1
votes

I have a spreadsheet where I manually copy and paste some data from pdf tables. I've been using array query split to split that info into different columns and it works flawless in 2 columns (date and amount) and for the other one it works most of the time (reference).

Example that works:

  • PDF DATA: 4500063794 21.07.2020 187.50
  • COLUMNS IN SPREADSHEET (final result after split): Reference:4500063794, Date:21.07.2020, Amount:187.50
  • Formula for retrieving Reference column: =ArrayFormula(QUERY(SPLIT(C3:C7 ;" ");"select Col1";0))
  • This works along the spreadsheet without any problems

Another example that works:

  • PDF DATA: 447/20.6TBOS 04.07.2020 804.00
  • COLUMNS IN SPREADSHEET (final result after split): Reference:447/20.6TBOS, Date:04.07.2020, Amount:804.00
  • Formula for retrieving Reference column: =ArrayFormula(QUERY(SPLIT(C3:C7 ;" ");"select Col1";0))
  • This works along the spreadsheet without any problems

Example that DOES NOT work:

  • If I paste several rows like 1st example and then add several rows as the 2nd example, when I paste afterwards more data like the one in 1st example, split stops retrieving the Reference column for pdf data similar to "447/20.6TBOS 04.07.2020 804.00" (2nd example). It retrieves blank cells for these.

Can anyone shine a light on this? Thanks in advance

Example Spreadsheet

1

1 Answers

2
votes

It will work if you change the query to:

=ArrayFormula(INDEX(SPLIT(REGEXREPLACE(C3:C7; "\s"; "♥");"♥");ROW(C3:C7)-ROW(C3);1))

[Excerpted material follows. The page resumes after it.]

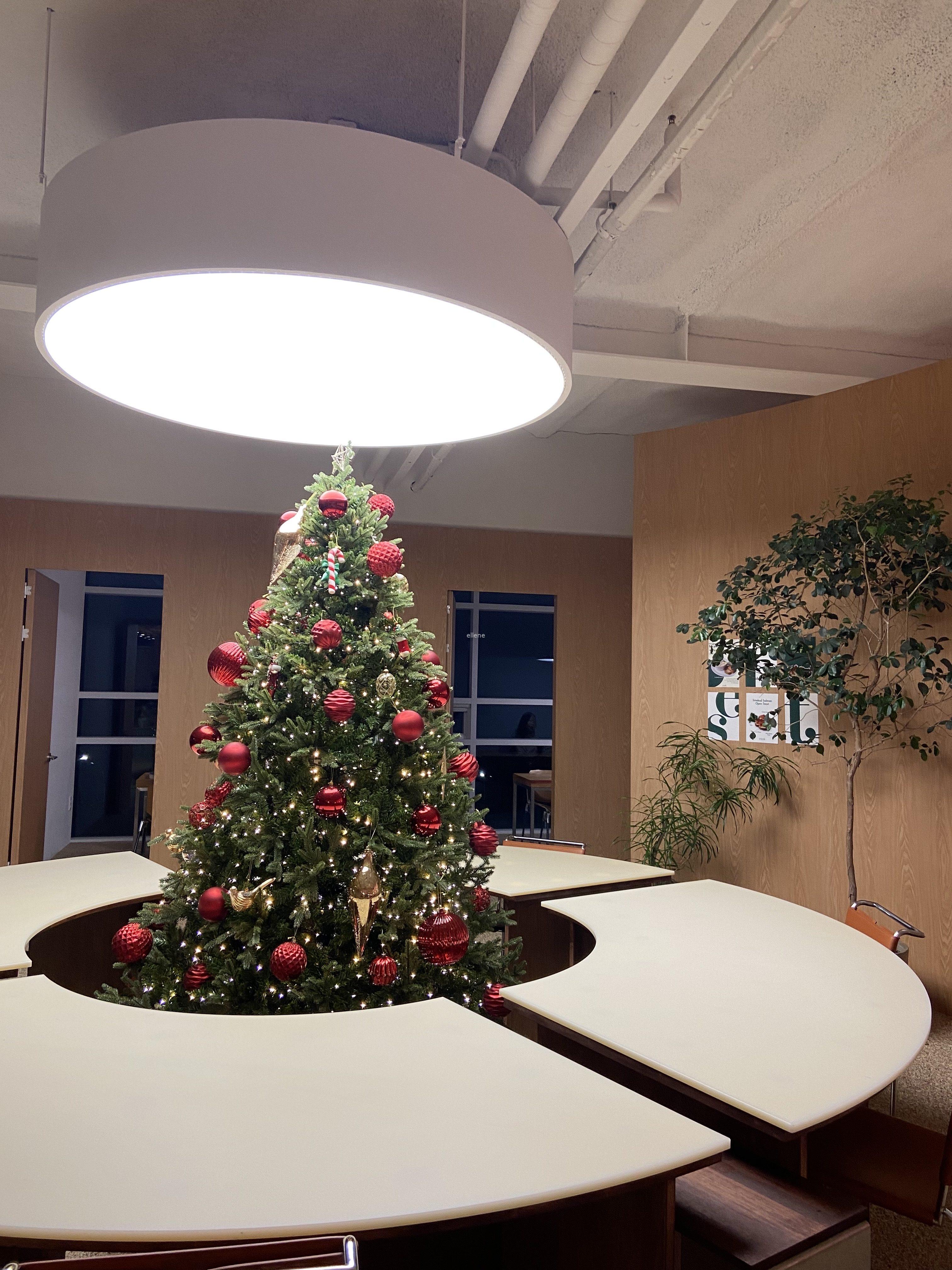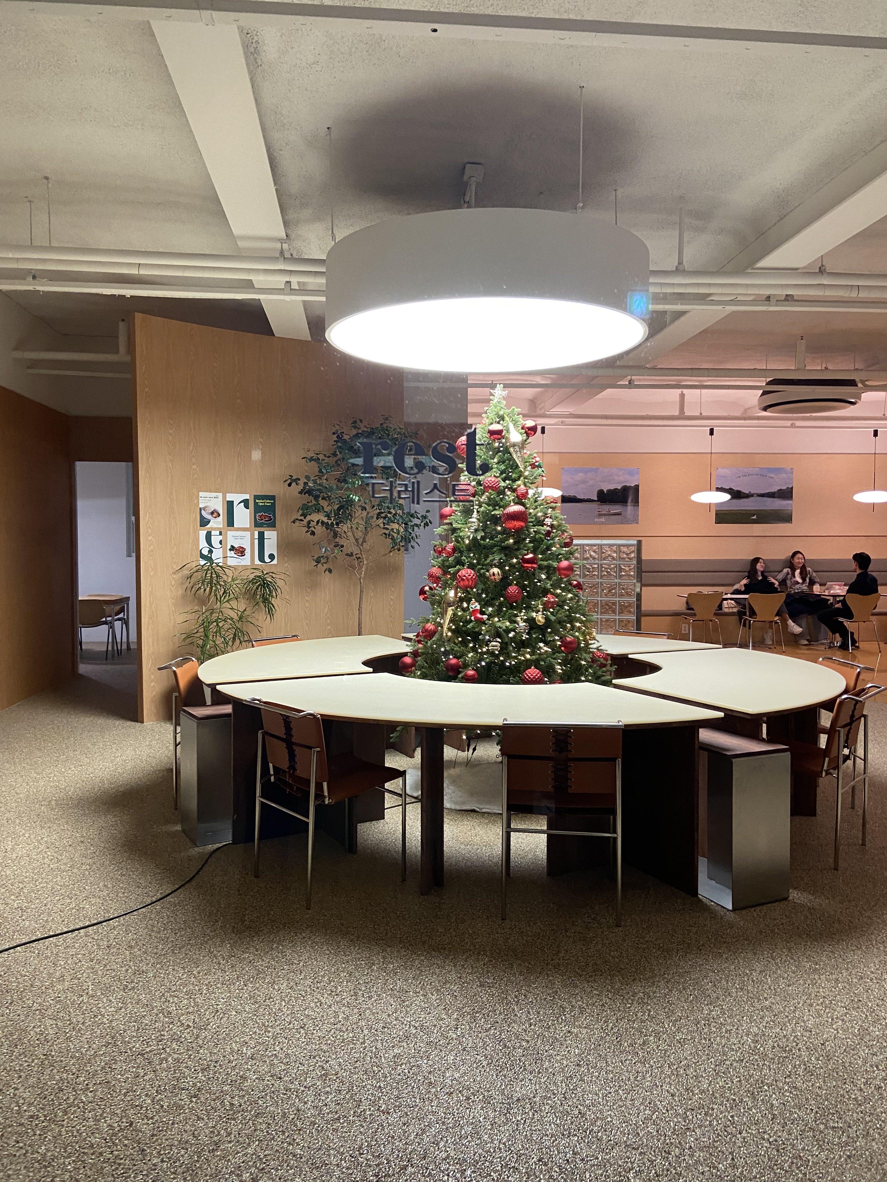 카페 안으로 들어가자 커다란 트리가 먼저 눈에 들어왔다. 이 트리를 중심으로 동그란 좌석이 세팅되어 있는데, 의자도 테이블도 참 편해 보인다.

The formula will replace the spaces by hearts (rare character) and then it will populate the rest.

To change the values of the rows, just change the last character 1 to 2 or 3: )-ROW(C3); ==> 1 ))

enter image description here

You can use the same formula to the G column (don't forget to update the ranges), as the delimiters of both of the 4500063794 21.07.2020 187.50 and the 447/20.6TBOS 04.07.2020 804.00 are the same (whitespaces).